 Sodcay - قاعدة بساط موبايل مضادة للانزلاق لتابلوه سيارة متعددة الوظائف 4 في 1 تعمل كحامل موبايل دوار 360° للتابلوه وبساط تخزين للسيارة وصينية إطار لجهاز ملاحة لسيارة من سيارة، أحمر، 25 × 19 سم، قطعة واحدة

+--

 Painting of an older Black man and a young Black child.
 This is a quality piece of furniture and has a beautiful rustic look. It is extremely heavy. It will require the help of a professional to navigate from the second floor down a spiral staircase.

+--

#### [PROMPT]
In your answer, include only the lines above starting at the line that holds "Painting of an" and ending at the line that holds "This is a quality", copied exactly.

#### [YOUR SOLUTION]
 Painting of an older Black man and a young Black child.
 This is a quality piece of furniture and has a beautiful rustic look. It is extremely heavy. It will require the help of a professional to navigate from the second floor down a spiral staircase.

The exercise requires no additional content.